TASK TO COMPLETE:
The records follow. Transcribe only the lines from the line containing "Mes fleurs sont" through the end, both ends included, and leave out the pictures.

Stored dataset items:
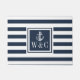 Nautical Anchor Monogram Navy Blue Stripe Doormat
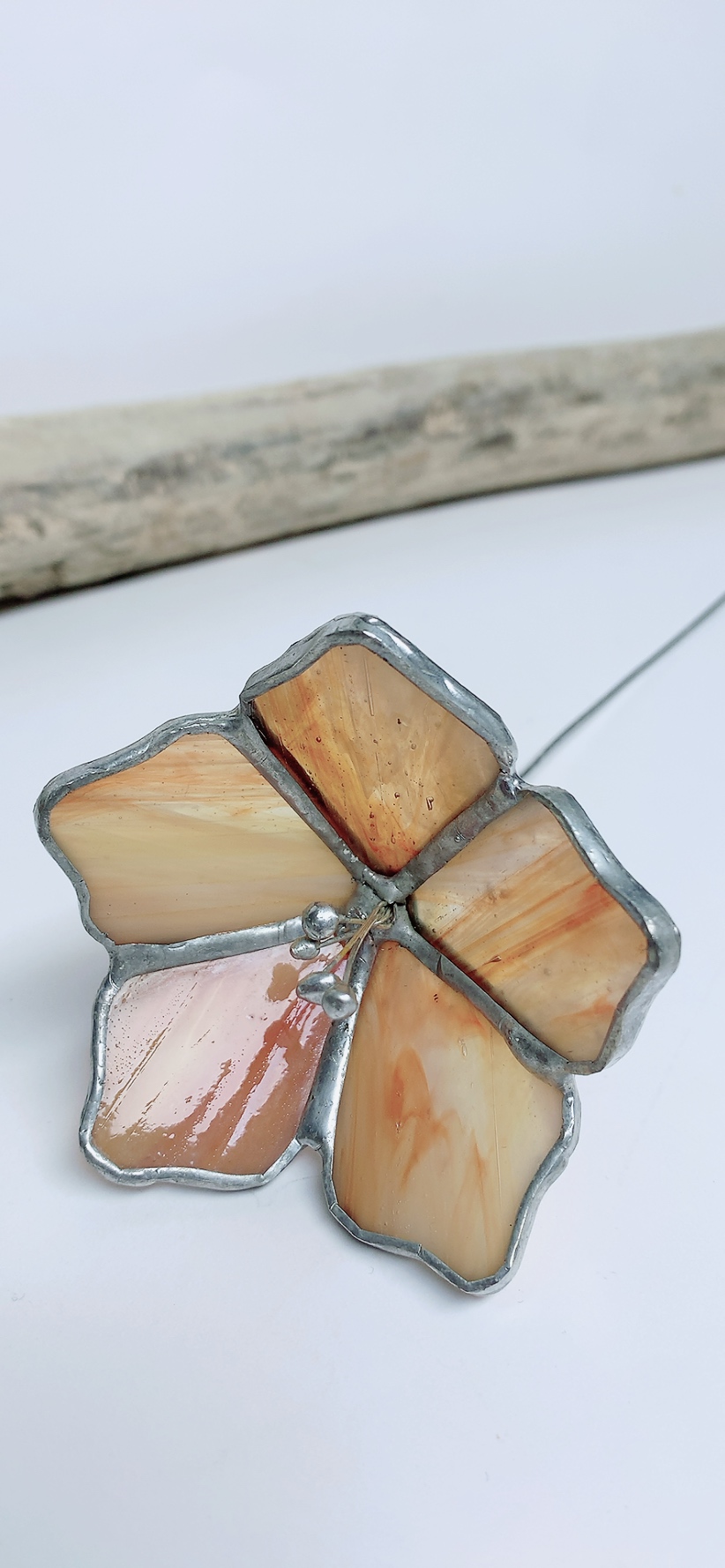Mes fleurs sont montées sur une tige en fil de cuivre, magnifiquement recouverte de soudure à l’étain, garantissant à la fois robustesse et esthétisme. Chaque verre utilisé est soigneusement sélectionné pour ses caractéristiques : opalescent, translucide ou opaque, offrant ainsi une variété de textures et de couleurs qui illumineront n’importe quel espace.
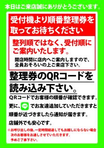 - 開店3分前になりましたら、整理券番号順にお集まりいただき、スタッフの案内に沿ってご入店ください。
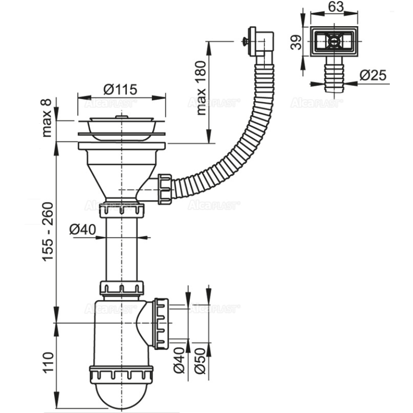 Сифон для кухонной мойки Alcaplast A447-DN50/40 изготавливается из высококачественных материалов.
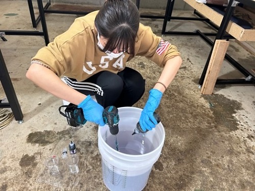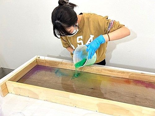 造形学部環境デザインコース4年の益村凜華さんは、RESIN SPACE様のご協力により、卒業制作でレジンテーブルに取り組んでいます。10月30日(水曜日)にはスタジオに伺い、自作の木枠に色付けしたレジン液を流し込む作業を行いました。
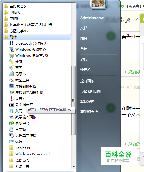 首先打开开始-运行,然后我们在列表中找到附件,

YOUR RESPONSE:
Mes fleurs sont montées sur une tige en fil de cuivre, magnifiquement recouverte de soudure à l’étain, garantissant à la fois robustesse et esthétisme. Chaque verre utilisé est soigneusement sélectionné pour ses caractéristiques : opalescent, translucide ou opaque, offrant ainsi une variété de textures et de couleurs qui illumineront n’importe quel espace.
 - 開店3分前になりましたら、整理券番号順にお集まりいただき、スタッフの案内に沿ってご入店ください。
 Сифон для кухонной мойки Alcaplast A447-DN50/40 изготавливается из высококачественных материалов.
 造形学部環境デザインコース4年の益村凜華さんは、RESIN SPACE様のご協力により、卒業制作でレジンテーブルに取り組んでいます。10月30日(水曜日)にはスタジオに伺い、自作の木枠に色付けしたレジン液を流し込む作業を行いました。
 首先打开开始-运行,然后我们在列表中找到附件,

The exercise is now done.